После смерти отца мы мало-помалу научились, как и он, угадывать начало сильных приступов нашей матери. Когда на нее находило, она начинала как-то странно говорить, и видно, у нее ломило виски, потому что она часто и нетерпеливо подергивала головой. Бывало, потянется за чем-то — за ложкой или за ножом — и промахнется, хлопает слепо рукой по столу или краю умывальника, никак не нащупает. Или спросит: «Который час?» — даже если огромные круглые кухонные часы прямо у нее перед глазами. И как всегда в такие моменты — один и тот же резкий, подозрительный вопрос: «Что, кто-то в дом апельсин приволок?»
Мы молча мотали головой. Апельсины были редкостью; отведать их нам удавалось нечасто. Иногда их продавали на рынке в Анже — пухлые, испанские, с толстой бугристой кожурой или красноватые, южные, с более тонкой шкуркой, разрежешь — обнажится лиловатая, с содранной пленкой мякоть. Мать всегда шарахалась от этих лотков, будто от одного вида апельсина ее тошнило. Раз, когда одна сердобольная торговка дала нам на всех один апельсин, мать не пустила нас в дом, пока мы тщательно не вымыли руки и рот, не выскребли под ногтями и не протерли кисти лимонным бальзамом с лавандой. Даже и после этого она утверждала, будто от нас несет апельсинным маслом, и два дня держала окна раскрытыми, чтобы запах окончательно выветрился. Конечно же, при подходе сильных приступов апельсины ей просто чудились. Запах апельсина вызывал у матери мигрень, и она целыми часами лежала в темноте, положив на лицо платок, смоченный лавандовым маслом, держа под боком спасительные таблетки.

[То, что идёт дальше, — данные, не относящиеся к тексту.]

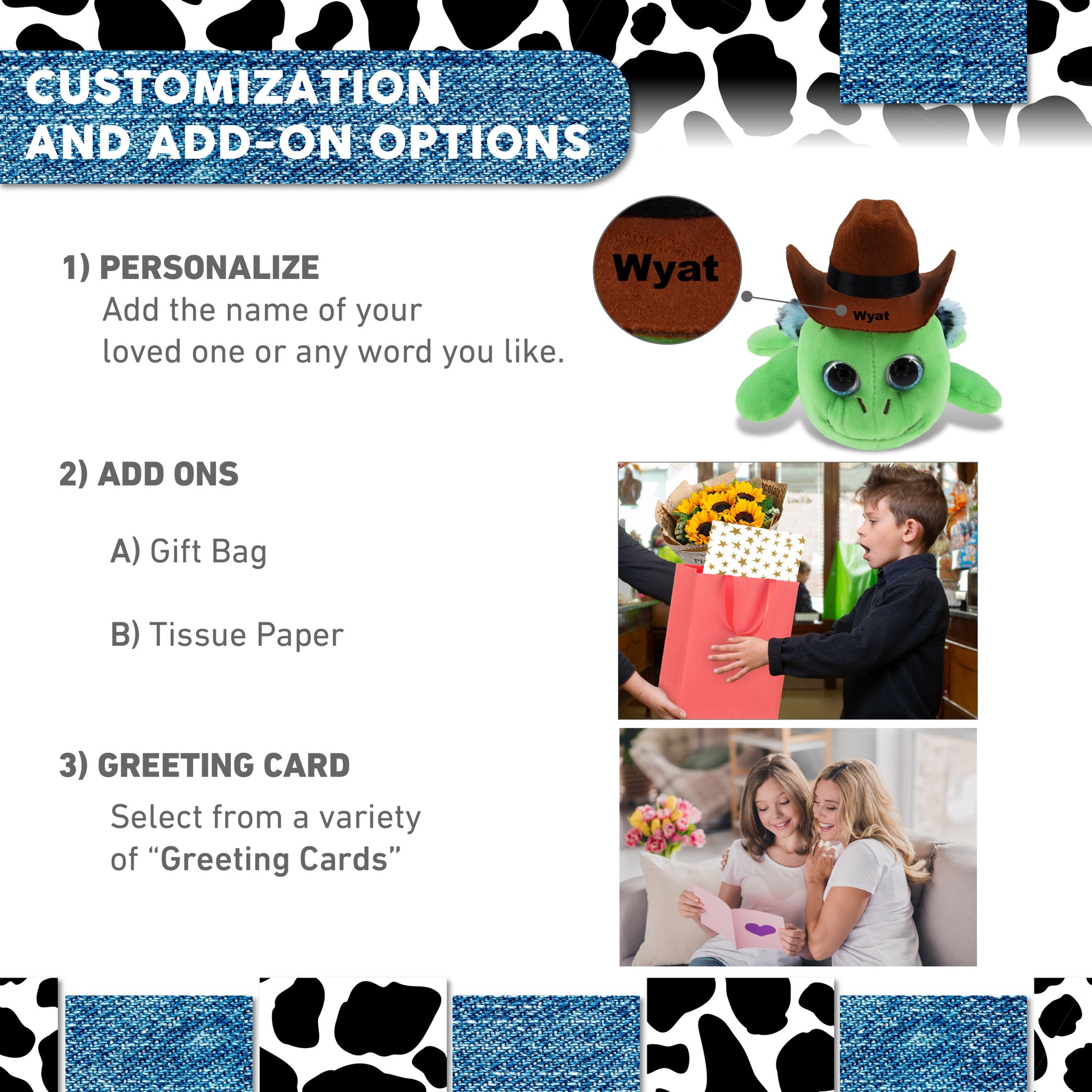 Personalization, Customization and Add-On Options - The sea turtle stuffed animal plush comes dressed with a cowboy hat. Make it cool by personalizing it with the name, which we will imprint directly onto the stuffy plush. You can also customize your cowboy plush sea turtle by adding any of our add-ons to create the perfect gift: 1) Gift Bag 2) Tissue Paper 3) Greeting Card.

Как я узнала впоследствии, это был морфий.
Мать никогда ничего не объясняла. Все нужное мы узнавали из собственных наблюдений. Почувствовав приближение приступа мигрени, она просто без всяких объяснений уходила к себе в комнату, предоставляя нас самим себе. Вот и выходило, что для нас ее приступы были сущим праздником — растягивавшимся от двух часов до целого дня, а то и двух, — и мы были вольны и свободны как птицы. Для нас это были самые расчудесные дни, и ужасно хотелось, чтобы можно было так жить целую вечность: купаться в Луаре или ловить раков на мелководье, бродить по лесу, до одури наедаться вишнями, сливами или незрелым крыжовником, устраивать битвы, пуляя друг в дружку картошкой, и увешивать Стоячие Камни трофеями наших смелых вылазок.

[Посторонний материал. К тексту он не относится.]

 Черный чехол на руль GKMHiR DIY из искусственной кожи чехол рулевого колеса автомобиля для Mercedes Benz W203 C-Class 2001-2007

Стоячие Камни было то, что осталось от старого мола, уже с давних пор снесенного течением. Из воды торчали пять каменных столбов, четыре длинных, один короткий. Сбоку у каждого был крюк, капавший ржавыми слезами на изъеденный водой камень, в том месте, где раньше крепились доски. Именно на эти крюки мы подвешивали свои трофеи — дикарские гирлянды из рыбьих голов и цветов и еще всякие секретные знаки, составленные из волшебных камешков и выуженных из воды фигурных деревяшек. Последний столб глубоко утопал в воде в том месте, где течение было особенно быстрым, и именно там мы прятали свой Сундук Сокровищ. Это была завернутая в клеенку консервная банка с цепью в качестве грузила. К цепи была привязана веревка, в свою очередь обвязанная вокруг столба, который мы окрестили Сокровищным. Чтобы достать наши сокровища, надо было сперва проплыть до последнего столба — что требовало определенной сноровки, — затем, одной рукой держась за столб, вытянуть из воды утопленный Сундук Сокровищ, снять с цепи и с ним плыть обратно к берегу. Считалось, что только Кассис был на такое способен. Наше «сокровище» в целом состояло из предметов, на которые не позарился бы ни один взрослый. Игрушечные пистолеты, жвачка, для сохранности завернутая в вощеную бумажку, ячменный леденец на палочке, пара-тройка сигарет, медяшки в потрепанном кошельке, фотографии артисток — последние, как и сигареты, принадлежали Кассису — и несколько журналов в яркой обложке, в основном бульварного свойства.